Shares of Chevron fell in premarket trading on Friday after the oil giant reported fourth-quarter earnings that badly missed Wall Street’s expectations.
Chevron posted profits of $3.4 billion, or $1.64 per share, for the final quarter of 2017. However, the company included a $2 billion tax benefit.
Stripping out that benefit, Chevron earned 72 cents a share, according to Thomson Reuters. Analysts had expected earnings of $1.22 a share.
Chevron’s stock price was down almost $5 a share, or nearly 4 percent, at $120.80.
The San Ramon, California-based company slightly beat expectations for revenues, generating $37.62 billion in sales versus estimates for $37.59 billion.
Profits in Chevron’s upstream business, which focuses on producing oil and natural gas, rose to $5.3 billion in the fourth quarter from $930 million a year ago. However, the results were helped by a benefit from U.S. tax reform totaling $3.3 billion.
Chevron’s downstream segment, which includes refining crude oil into fuels like gasoline, earned $1.3 billion for the quarter, up from $357 million from 2016. Downstream also got a $1.16 billion boost from tax reform.

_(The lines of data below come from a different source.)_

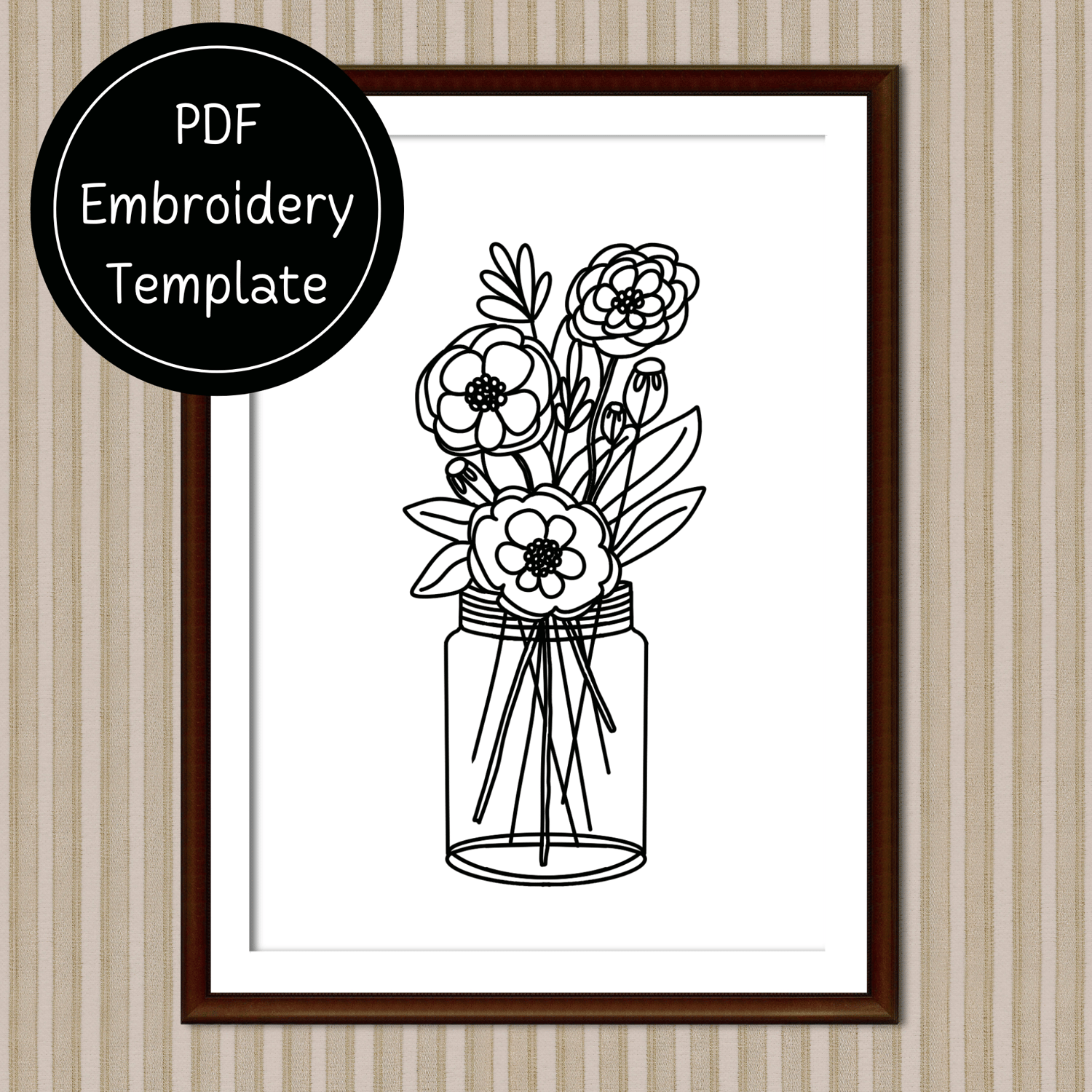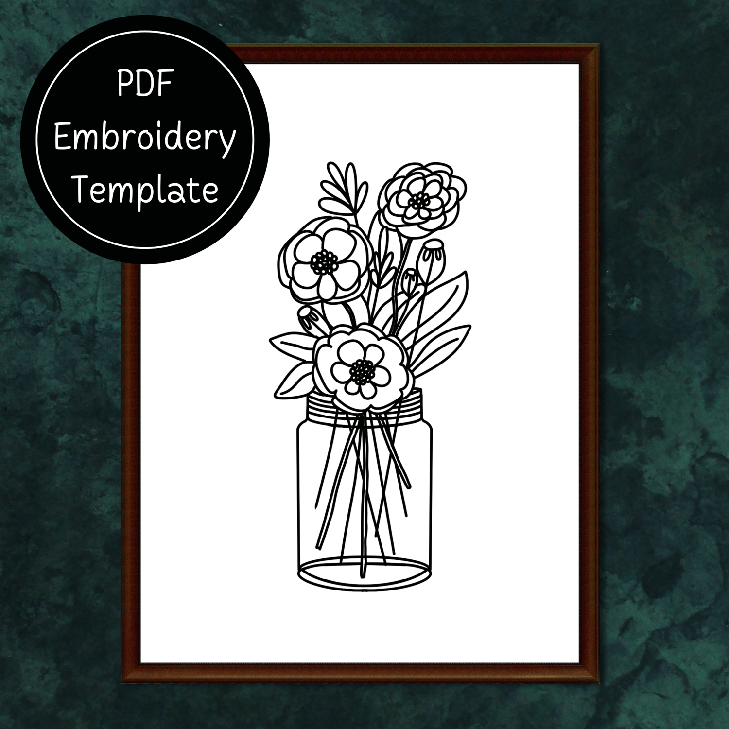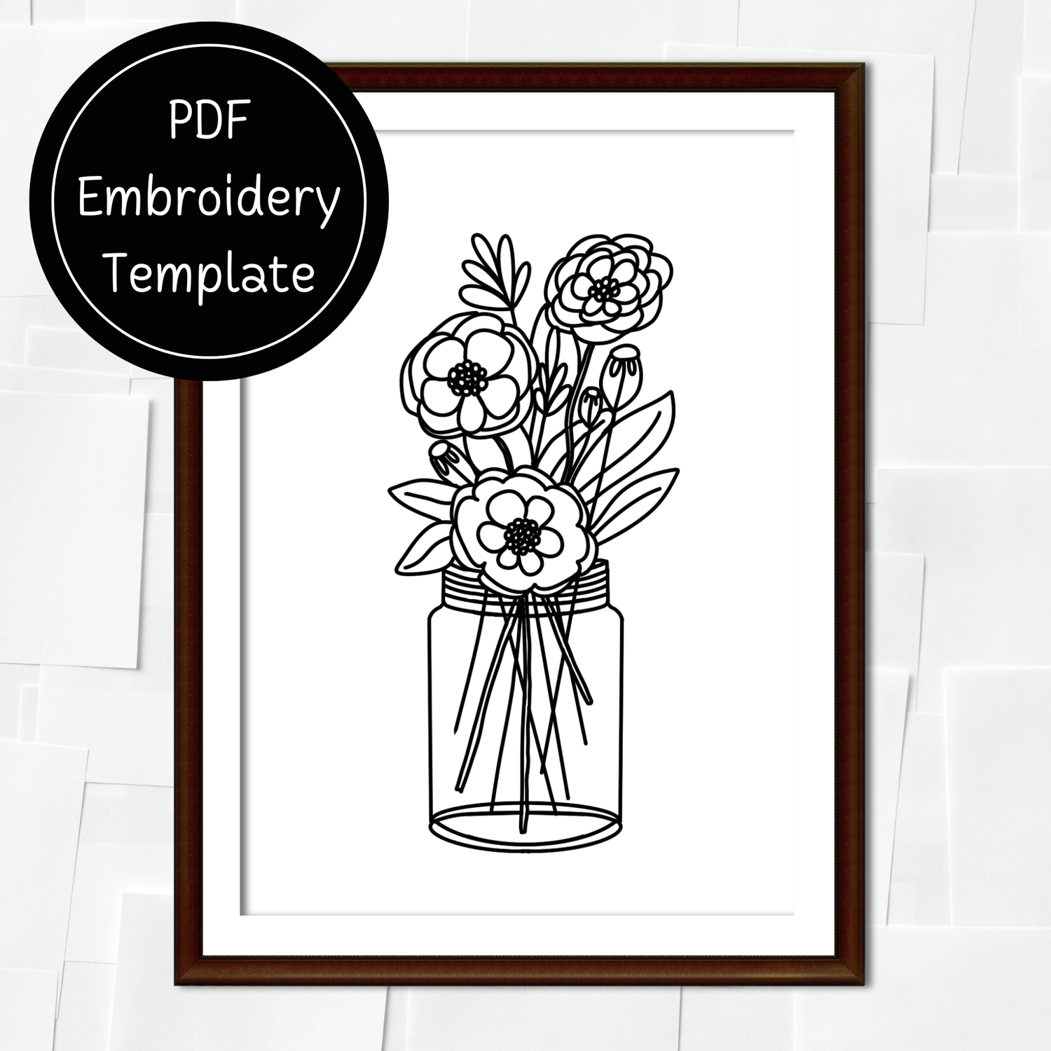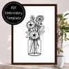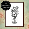 Flower Vase Jar 2 Embroidery Template PDF - DIY Flower Vase design For Hand Stitching - Instant Download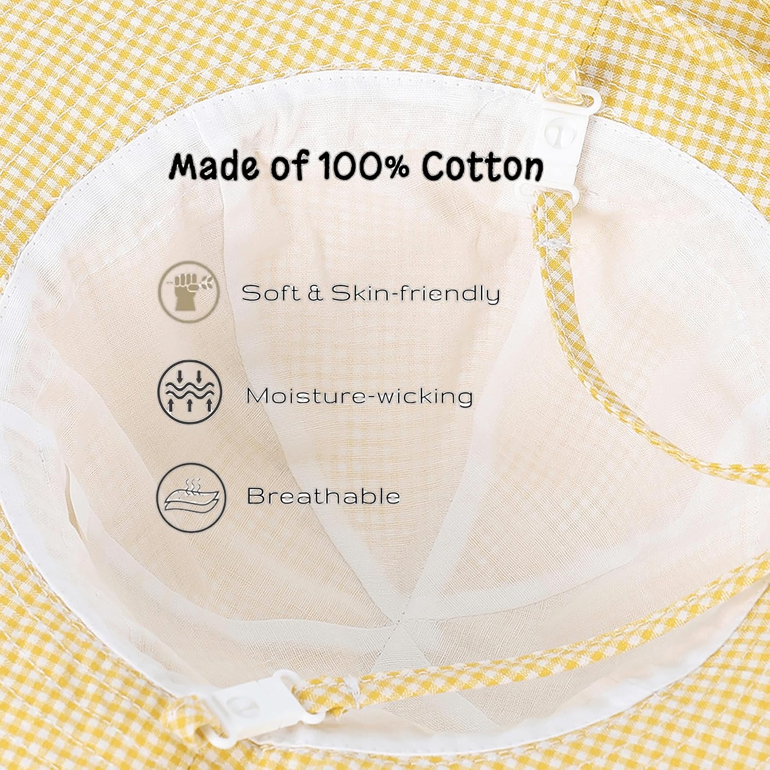 • ADJUSTABLE AND FASHIONABLE: There are 2 adjustments and 2 safety break-away clips on the hat for growing kids.One is head circumference adjustment .Another one is tender adjustment .Two break-away clips make it easy to remove the straps from the hat.Wide brim sun protection bucket hat is the perfect accessory for you. Comfortable, extra soft lining & multiple print designs on the outer in AZO free, perfect for all day wear.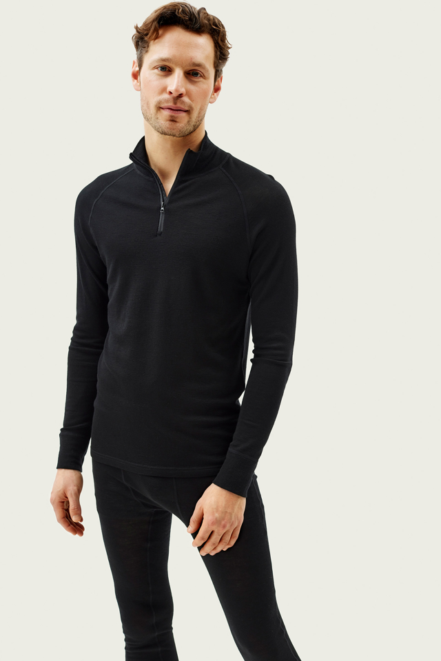 Klassisk ulltrøye med zip til herre som er laget i merinoull med naturlige egenskaper som holder deg varm, tørr og komfortabel – uansett aktivitet. Den har en sporty og fleksibel passform med half-zip i halsen for enkel ventilasjon og justering. Ullen er både isolerende, fukttransporterende og lukthemmende, og passer like godt til friluftsliv som til hverdagsbruk.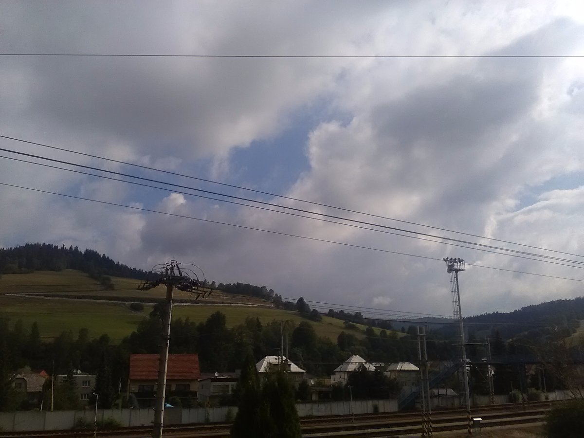 Oblačno až zataženo, řekl bych. Sem tam kape. Tlak 1020 hPa, vlhkost 50%, vítr S.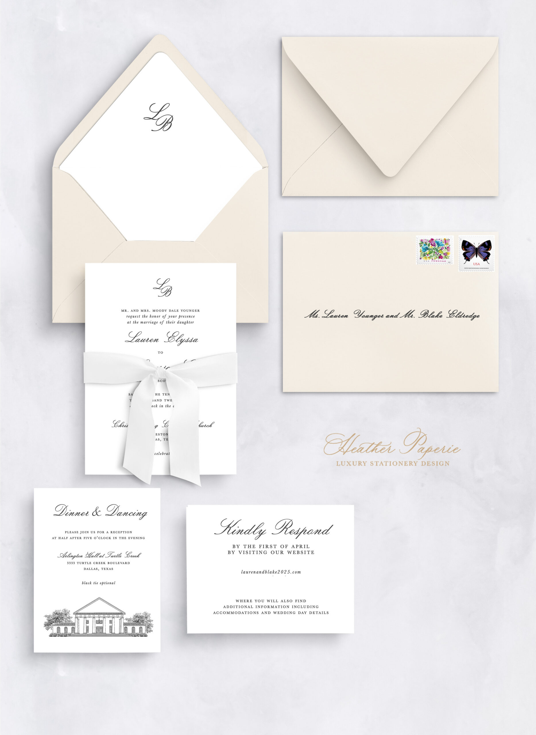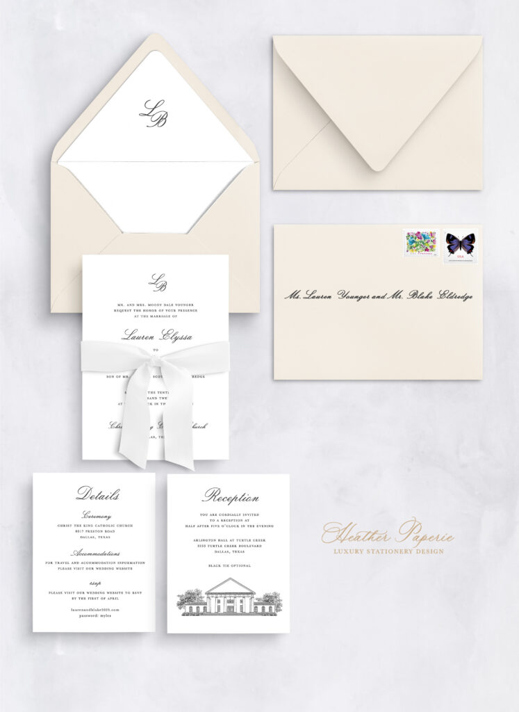 Planning a wedding at Arlington Hall at Turtle Creek, or another timeless venue? We’d love to help you design custom wedding stationery that feels beautifully personal. Reach out to start your design journey today.
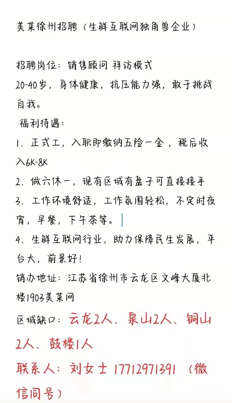 美菜徐州招聘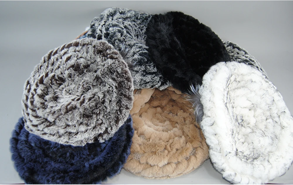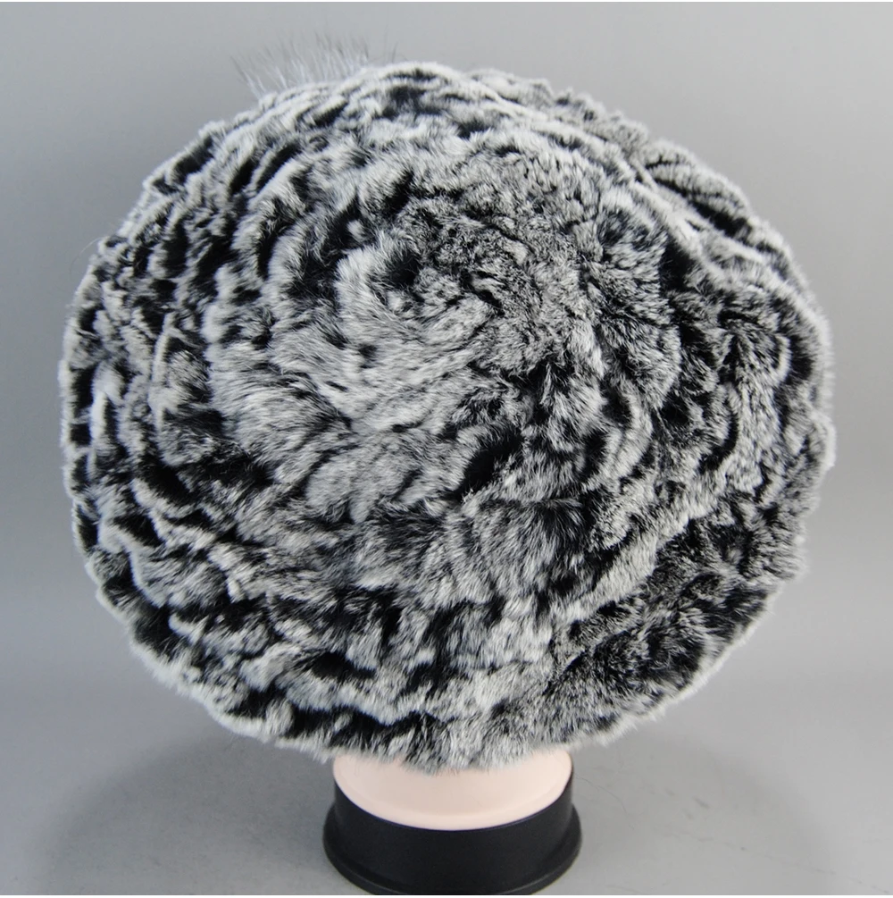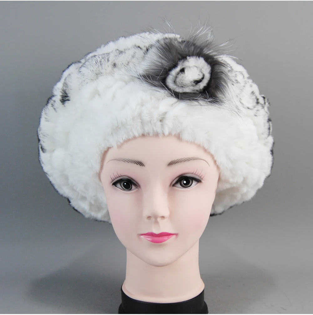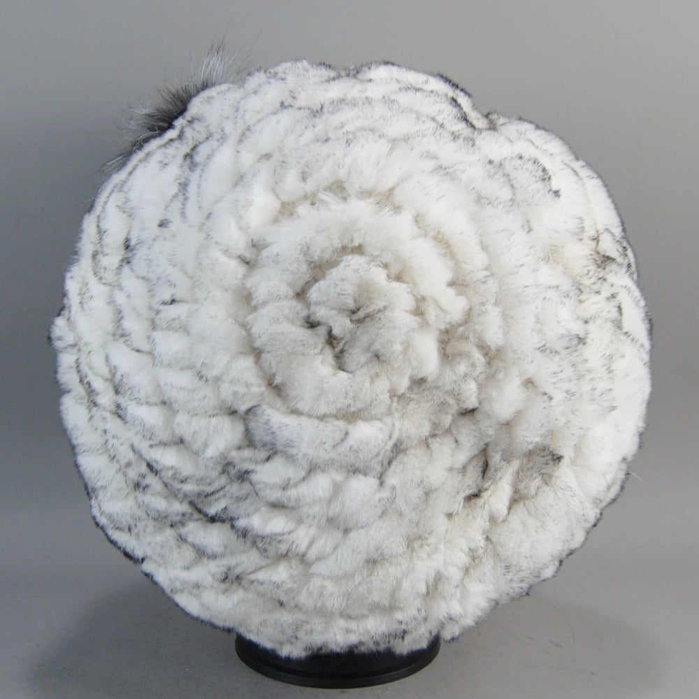 Real Rex Rabbit Fur Beanie Natural Knitted Fur Beret Warm Winter Hat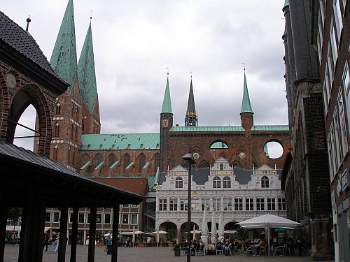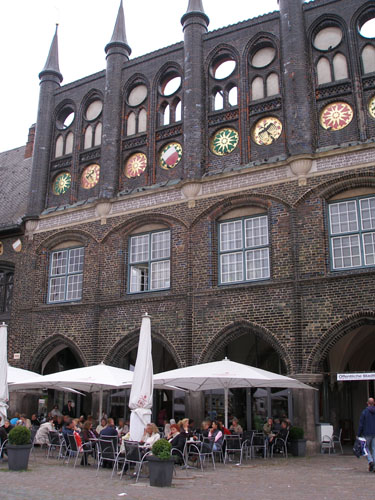 Lübeck ist eine herrliche Stadt, und ich kann mich an den Bürgerhäusern und der Backsteingotik garnicht satt sehen. Also müssen wir zu Fuß nochmal einen Großteil der Strecke ablaufen. Eine Straße ist schöner als die andere.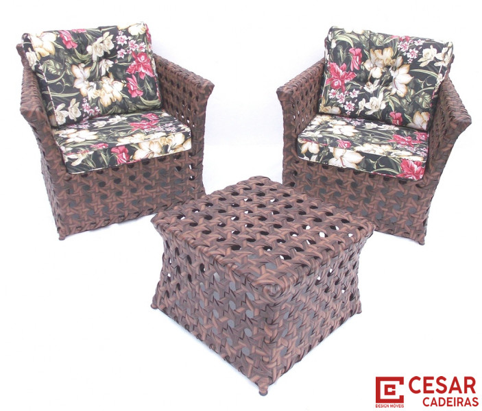 Jogo composto de duas poltronas e uma mesa de centro.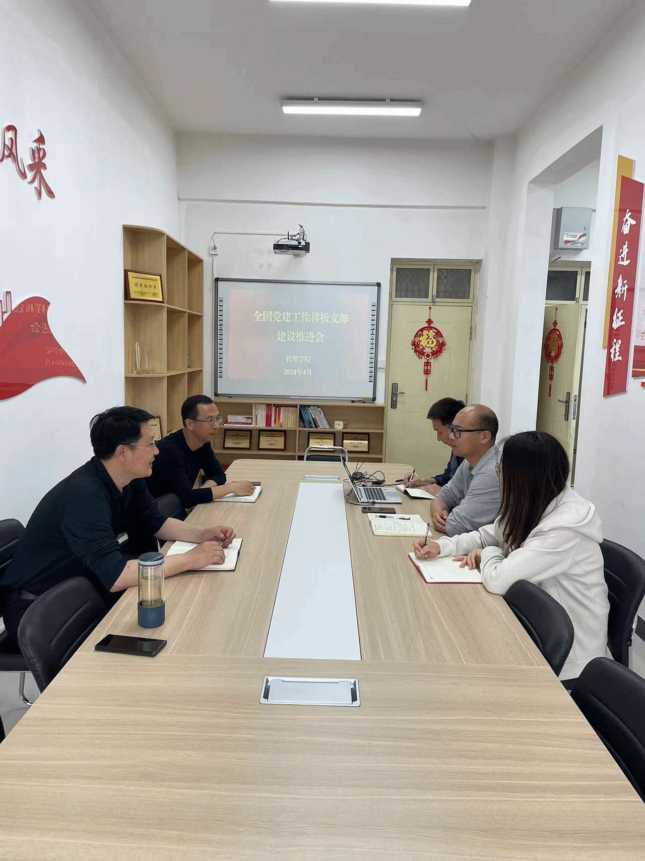 “全国党建工作样板支部”建设工作,4月16日下午,学院党委副书记魏涛、副院长韩江深入电子商务系指导推进支部建设工作。电子商务系教工党支部书记李朝阳,系主任李永海,支部委员王景玫、申聪参加会议。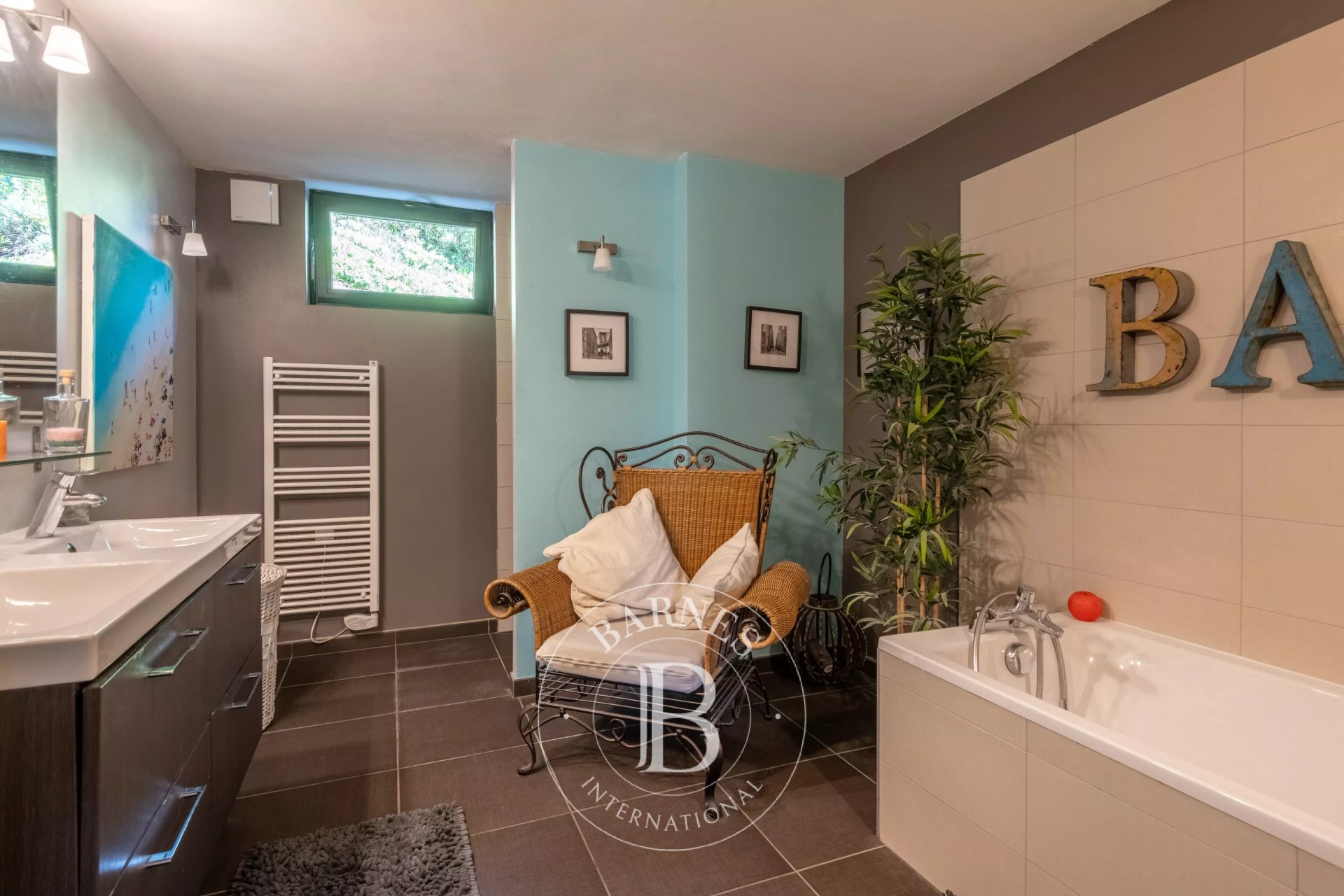 En rez-de-jardin, trois belles chambres se partagent une salle d’eau. Une buanderie et une cave à vins viennent compléter ce niveau.

The downstream business saw headwinds internationally, with profits sliding more than 75 percent.
For the full year, Chevron posted profits of $9.2 billion, its strongest performance since the oil price crash of 2014, when its earnings were $19.2 billion.
Cash flow from operations — a key measure of financial health in the oil industry — rose 60 percent in 2017 to $20.5 billion.
“We achieved our objective of being cash flow positive through deliberate actions to reduce capital expenditures, lower our cost structure, start and ramp-up projects, and conclude planned asset sales,” Chevron Chairman and CEO Michael Wirth said in a statement.
On Wednesday, Chevron declared a quarterly dividend of $1.12 per share, up 4 cents from the previous quarter. The company on Friday said healthy cash flow made the higher shareholder payout possible.